With his perpetual Liberal majority in Orkney and Shetland Carmichael is willing to risk saying the unsayable and ride nationalist opprobrium. He comes equipped with a thick hide and a weighty punch.

Also he had ambitions to be Secretary of State and the office gives him a much more public profile than the backroom fixing required as Lib Dem Chief whip.

Until now reasonableness had ruled the day. But during the conference season Willie Rennie, and Moore in less combative tones, attacked the idea of nationalism itself, as a philosophy.

Johann Lamont, in her speech to the Labour conference, also hinted at the dark roots of nationalism.  David Cameron, in his conference comments on Scotland, also made an emotional plea to the Scottish heart as well as the head.

The Westminster government thinks it is trouncing the SNP in terms of the arguments over currency, economy, Nato membership and the rest. That might have a tone of complacency but the ground that the Coalition is taking the fight onto now is territory the SNP is complacent about too  - patriotism, belonging and national identity.
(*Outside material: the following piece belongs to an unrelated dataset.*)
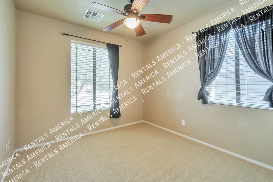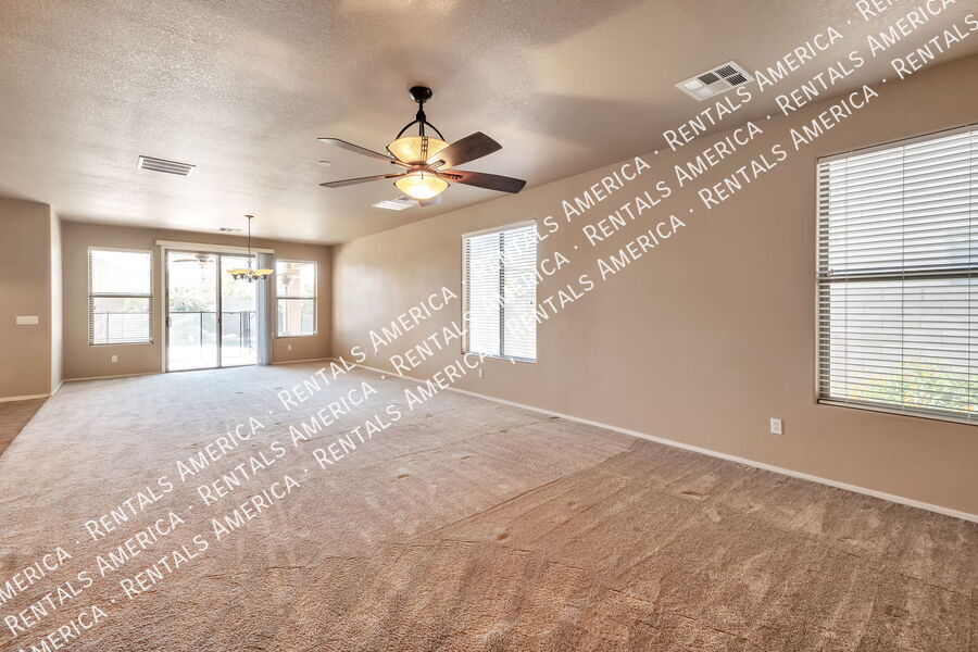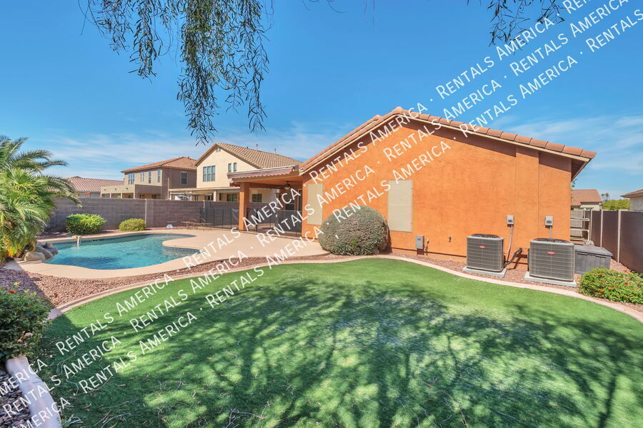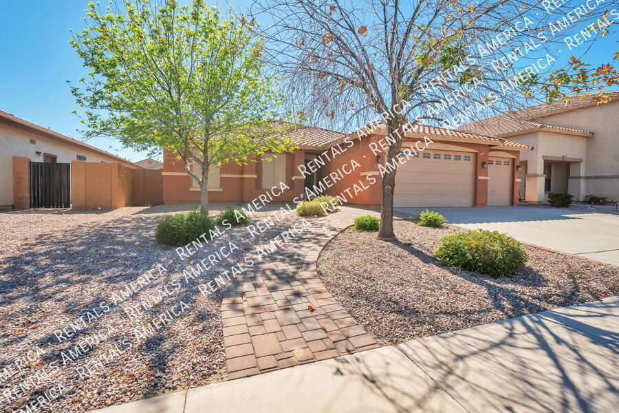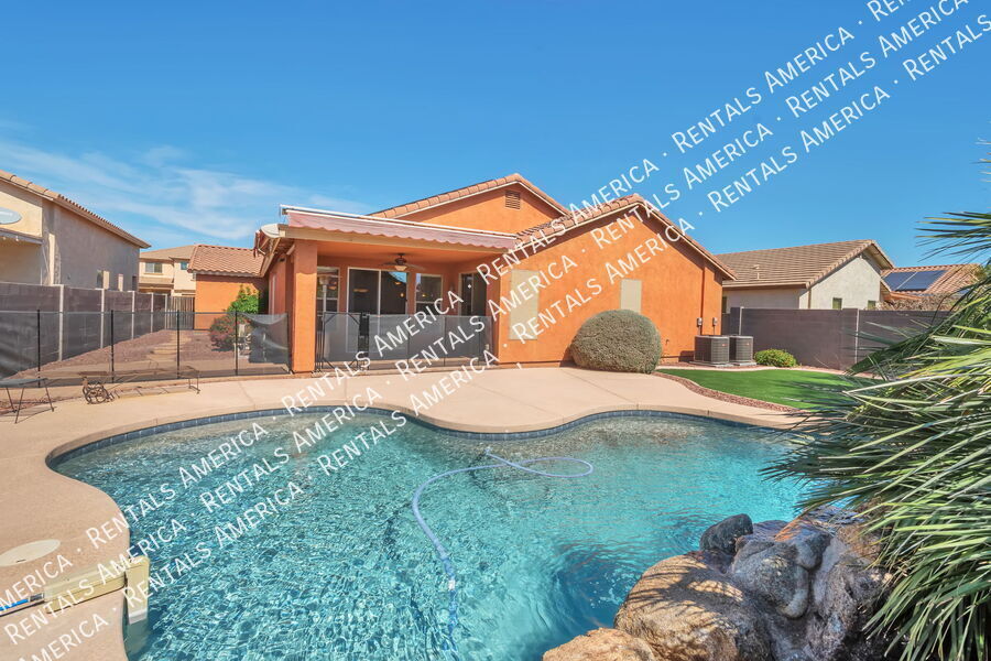 Prime location of a beautiful 4 bedroom, 2 bathroom home available for immediate move in at San Tan Heights community. Additional den or office space available within the primary room. The spacious primary bedroom also has a nice sized wardrobe room, separate shower and tub ensuite, plus a sliding glass door access to the backyard. L-shaped kitchen, island prep space, all kitchen appliances included, and opens up to dining area and living room, perfect for any gathering. Paver and covered patio also offers two large retractable awnings. Fenced in backyard pool and generous patio space. Regular yard landscaping and pool maintenance included. Solar panels saves on your utility bill. Steps away from one of the parks and close to local eateries, groceries, gas and a school. There is also a community pool and gym and playgrounds. Don't wait, tour and apply today! One Time Admin Fee: $300, Pet Deposit: $300/pet (if applicable), Service Fee: 2%. $39/month Resident Benefits Package, Helping Heroes Discount Available! Carpet Cats Allowed Ceramic Tile Community Pool Disposal Dogs Allowed Dryer Garage Pets Allowed Washer
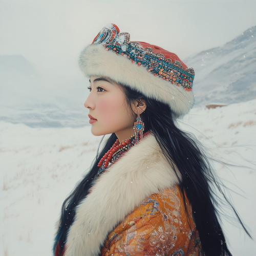 The photograph depicts a young Tibetan woman wearing a traditional fur hat and robe, standing in a snowy landscape. The painting depicts a young Tibetan woman standing in a snowy landscape. She is wearing a small traditional fur hat with a red, white, and blue detail on top, and a long, fur-lined coat. She has long black hair and wears a red necklace with decorative beads. The woman is facing the left side of the photo and looking out over the snow-covered landscape. The background is a scene of a snowy landscape with rippling snowdrifts in the distance. The painting is done in a realistic style, with soft brushstrokes. The colors are muted and somewhat cool, giving the painting a gentle and austere atmosphere. The woman's expression is stoic, perhaps reflecting her tough and independent nature. In the background, the snow-covered landscape is hazy and distant, symbolizing the vast and harsh environment of the Tibetan plateau. The painting's overall mood is one of quiet contemplation and solitude, inviting the viewer to reflect on the resilience and strength of the Tibetan people.

Alistair Carmichal can be expected to take the gloves off and take the fight to the the SNP. His first comments in office say pretty much that.

On days like these politics is brutal, and I sympathise with Michael Moore who proved himself in the job. But the new Secretary of State, the ninth holder of the office since Devolution was meant to render it redundant (I think he called for it to be abolished himself) is going to create bigger waves.

Incidentally, Carmichael is the second islander  in cabinet. Islay born he joins Danny Alexander, raised in Colonsay and South Uist, around the cabinet table. Look out Whitehall, the Highlanders are coming.